Огромные переходы вели к дому; в них и на лестнице расставлены были по местам, в виду один от другого, часовые из гвардии герцогской. Каждый из них, облитый с головы до ног золотом, казался горящим пуком, все они золотою цепью, к которой, увы! за порогом невидимо примыкала железная, опутавшая всю Россию. Огромную переднюю затемняли, как туча саранчи, павшая на маленькое пространство, множество скороходов, гайдуков, турок, гусар, егерей, курьеров и прочей барской челяди, богато одетой; между привычным нахальством её затёрты были ординарцы от полков гвардии. Смотря на косые взгляды слуг и грубые ответы их, смотря, как они зевали и ломались на залавке при входе не слишком значительного человека, вы сейчас отгадали бы, что господин – временщик.

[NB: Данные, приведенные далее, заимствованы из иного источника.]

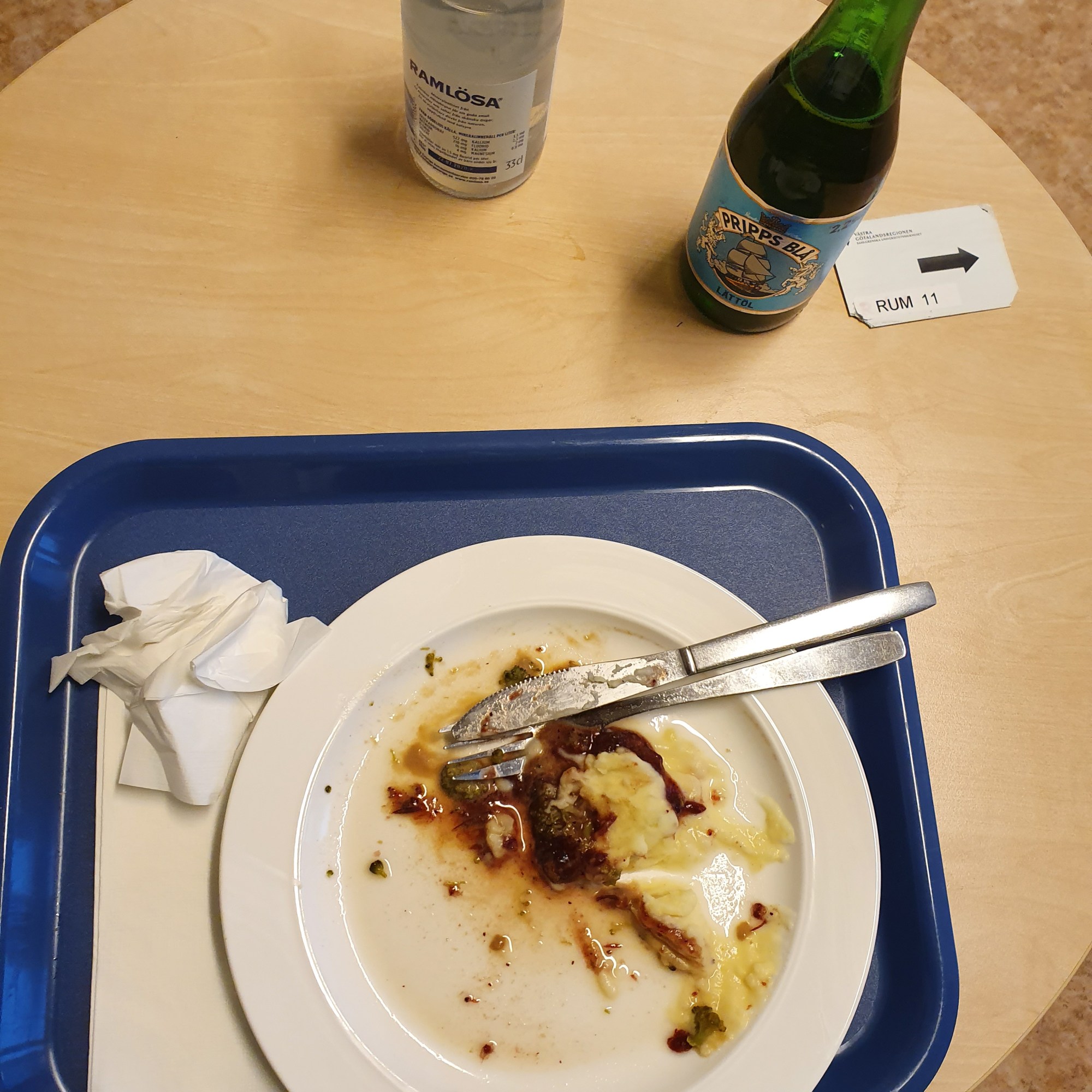 Tar mig sen med matbrickan till mitt rum för att där stoppa i mig detta moster till fisk. Då upptäcker jag att det faktiskt smakar, och det smakar gott. Och inte bara det, jag äter upp allt på tallriken också. 🙂 Nöjd och belåten avslutar jag denna måltid, (inkl all medicin och en protein) och kastar mig till horisontellt läge och vilar till nästa måltid.

В приёмной зале, подле двери самой передней, сидел уж Кульковский. Он пришёл в последний раз отдежурить на своём стуле и насладиться на нём закатом своей службы при первом человеке в империи с тем, чтобы он напутствовал его покровительским взглядом на новое служение. Заметно, что он несколько смутен, и как быть ему весёлым, беззаботным по-прежнему? Он прощается с приёмной комнатой герцога, как своею родиной. Здесь, у золотого карниза, где изображён сатир, выкидывающий козьими ногами затейливый скачок, улыбнулись ему тогда-то; тут, у мраморного стола, положили на плечо могущую и многомилостивую руку, которую он тогда ж поцеловал; далее светлейший, ущипнув его в пухлую, румяную щёку, подвёл к огромному зеркалу, только что привезённому из Венеции, чтобы он полюбовался на свою рожу и лысую голову, к которой сзади приклеены были ослиные уши. А стул, драгоценное седалище проходящего величия его? О! Его понесёт он в сердце своём сквозь все бури и превратности мира. В последний раз принёс он горяченькие новости искателям фортуны, именно, что любимая кобыла герцога ожеребилась; потом – надо же поставить себя рядом с чем-нибудь герцогским, – что у него готов уже пажеский кафтан, который изволил пожаловать ему его светлость, и, наконец, что Эйхлер сделан кабинет-секретарём, о чём ещё никто не ведал, кроме его, Кульковского, и самого герцога. Улыбка и пожатие руки знатных, просивших его не забыть их при дворе, пожатие мимоходом руки герцогского камердинера, всё это, увы! в последний раз осветило поприще его минувшей службы. Что ожидает его впереди? Роль шута! Это бы хорошо: он будет первый шут в империи по знатности рода. Но опасны плутоватые пажи; облепят его насмешками, как мякушками, не дадут ему и отсидеться на стуле! Новости не через него будут идти. Так-то изменчива фортуна!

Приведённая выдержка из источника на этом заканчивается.